Keywords: schizophrenia, reinforcement learning, dopamine, basal ganglia, orbitofrontal cortex, anhedonia
INTRODUCTION
Many people with schizophrenia (PSZ) suffer from a reduced tendency to engage in goal-directed behavior (1, 2), termed amotivation, or avolition. These deficits in motivation can contribute substantially to poor functional capacity and quality of life (3-5). One explanatory suggests that motivational deficits result from a specific impairment in the ability to precisely represent the value of an action or choice (expected value; EV) coupled with overreliance on “value-less” stimulus-response associations (6-8). Support for this computational account, however, comes from studies using reinforcement learning (RL) paradigms in which reward probability (the chance of obtaining a reward) solely determines EV. Importantly, other evidence indicates that EV estimation deficits in PSZ (with motivational deficits) are most prominent when EV depends on the successful integration of reward magnitude (size) and probability.
One important line of evidence suggesting prominent deficits in EV representation comes from the Iowa Gambling Task (IGT; (9)), in which participants select from four card decks with varying reward magnitude and probability. Performance deficits on this task, in PSZ, are driven by a reduced ability to integrate long-term outcome magnitude and probability (10-12).
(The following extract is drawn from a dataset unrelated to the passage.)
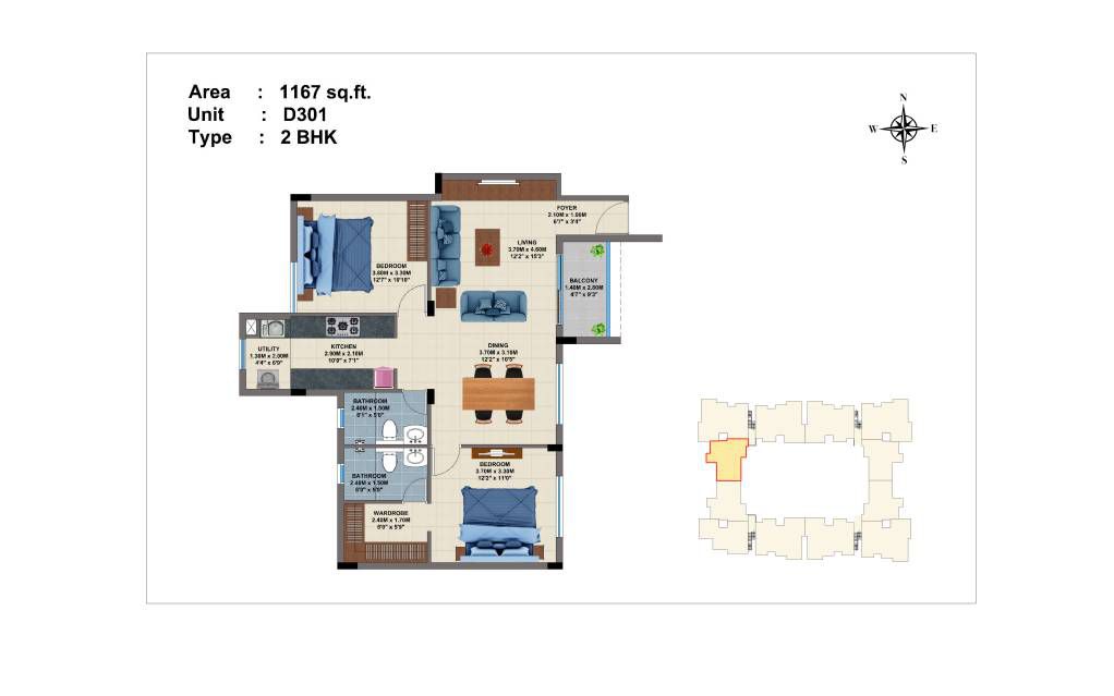 | BHK | Unit Type | Built-Up Area | Price Per Sq. Ft. | Price Range |

These deficits extend to contexts in which participants choose between earning a small certain reward or gamble for a larger reward (a “framing” task) (13). When reward magnitude and probability vary continuously, impaired EV computations in PSZ with motivational deficits are primarily driven by decreased sensitivity to reward magnitude (14). In contrast, PSZ can optimize task performance eventually if they learn about reward probability (15). Thus, the available evidence suggests that probability-magnitude integration deficits in PSZ (with motivational deficits) may be driven by impaired sensitivity to reward magnitude specifically, and somewhat spared tracking of reward probability. To date, however, the computational mechanisms associated with an inability to integrate reward probability and magnitude into the estimation of EV has never been investigated. The goal of the current study was to use computational modeling to provide a mechanistic account of probability-magnitude integration deficits in PSZ.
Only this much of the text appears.